▶ _TASK INSTRUCTIONS_: Transcribe the listing below exactly, from its first line through the line with "式の終了後は、昨年同様、東日". Omit the pictures.

▶ _COLLECTED DATA_:
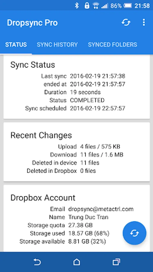 Please check out our website (http://metactrl.com/) for more information about the app, including User's Guide (http://metactrl.com/userguide/) and FAQ (http://metactrl.com/faq/). If you run into any issues or have suggestions for improvements, don't hesitate to email us at dropsync@metactrl.com. We will do our best to assist you.
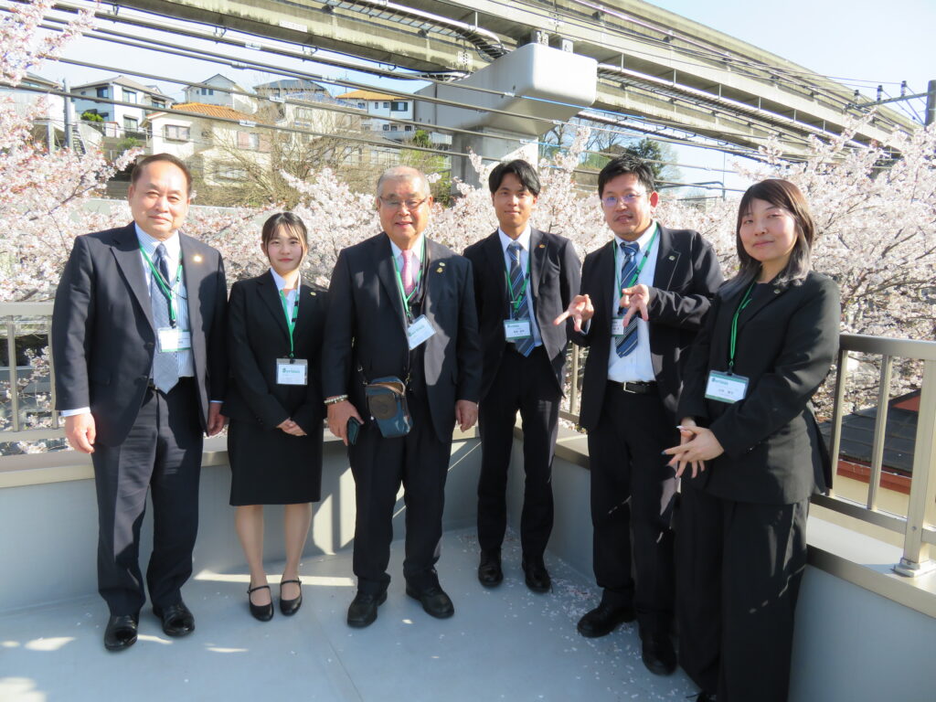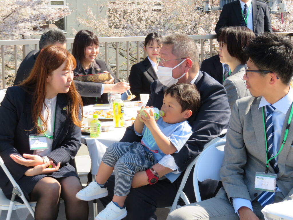 式の終了後は、昨年同様、東日本支社の社屋屋上にて歓迎会を開催しました。 今年は社屋前の桜もちょうど見頃を迎えており、美しい満開の桜を眺めながら、部署の垣根を越えて親睦を深める賑やかなひとときとなりました。
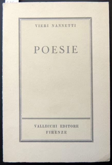 Vallecchi Editore, Firenze, 1954. In 8vo piccolo, pp. 84 (con Indice), bross. edit. in carta. Conservato l'estratto editoriale. Premio Viareggio 1954. Nacque a Firenze il 5 agosto 1895 da Ranieri e da Zaira Evangelisti. Di famiglia borghese, era pronipote del pittore Giovanni Fattori. La madre fu insegnante di lingua francese e collaboratrice di periodici letterari. Interventista convinto, allo scoppio della guerra Nannetti si arruolò volontario negli alpini, ottenendo anche due ricompense al valore e rimanendo prigioniero nel 1917. Tra i firmatari del manifesto "La scienza futurista", durante il conflitto collaborò con il periodico "L’Italia futurista" pubblicando «parole in libertà» (Piccoli posti; Quattro passi; [Ebbrezza] Nottambulo; Giardino pubblico; Fragilità) e vignette inviate dal fronte tra il 1916 e il 1917. Dopo il congedo si laureò in scienze naturali e iniziò la carriera dell’insegnamento. Superata ben presto l’adesione al futurismo, si dedicò quasi esclusivamente alla produzione letteraria, mettendo da parte l’impegno nel campo figurativo. Collaboratore di Solaria dal 1928, frequentò assiduamente insieme alla moglie Matilde Marchioni il caffè le Giubbe rosse e strinse amicizia con i principali animatori dello scenario letterario e culturale fiorentino, in particolare con Alberto Carocci, Alessandro Bonsanti, Elio Vittorini, Eugenio Montale, Arturo Loria. Proprio per le edizioni di Solaria uscirono negli anni Trenta le sue prose In concomitanza con un progressivo distacco dagli ambienti intellettuali fiorentini, sancito anche dalla chiusura di Solaria, nel 1939 Nannetti chiese e ottenne di insegnare all’estero (sappiamo che fu a Bucarest e a Budapest). Tornato in Italia, proseguì l’attività didattica a Firenze presso il liceo Michelangiolo e nel contempo concentrò in massima parte i suoi interessi letterari nella produzione di versi, i cui primissimi frutti risalivano del resto già al 1912-15. Nel 1954 pubblicò a Firenze le Poesie (con cui ottenne il premio Viareggio). Con questa silloge, suddivisa in cinque sezioni (oltre alla già edita Declamazione, Soste del malumore, 1948-50; Dimostrazione dell’autunno, 1952; Polifemo, maggio-giugno 1953; Varie, 1953), Nannetti proseguì lungo il solco già segnato da Declamazione, riprendendo e modulando il tema della profonda inquietudine e dei conflitti interiori lasciando talvolta affiorare sullo sfondo la possibilità della soluzione del tormento esistenziale. Negli ultimi anni di vita, sospinto da una sempre più urgente interrogazione religiosa e metafisica del reale, lavorò all’ultima e più ambiziosa opera poetica, l’Apocalisse in barocco, edita a Firenze nel 1957 poco dopo la sua morte. Approdo e culmine del percorso poetico e umano di Nannetti, l’"Apocalisse in barocco", con prevalenza di endecasillabi, si colloca in una prospettiva ormai palesemente sovrannaturale ed escatologica, in virtù della quale lo sguardo sulla morte e sulla fine del mondo si coniuga con la certezza della superiore riconciliazione nella trascendenza divina. Morì a Firenze l’11 giugno 1957. (Cfr. Enciclopedia on line Treccani). Allo stato di nuovo.

▶ _TASK RESPONSE_:
 Please check out our website (http://metactrl.com/) for more information about the app, including User's Guide (http://metactrl.com/userguide/) and FAQ (http://metactrl.com/faq/). If you run into any issues or have suggestions for improvements, don't hesitate to email us at dropsync@metactrl.com. We will do our best to assist you.
 式の終了後は、昨年同様、東日本支社の社屋屋上にて歓迎会を開催しました。 今年は社屋前の桜もちょうど見頃を迎えており、美しい満開の桜を眺めながら、部署の垣根を越えて親睦を深める賑やかなひとときとなりました。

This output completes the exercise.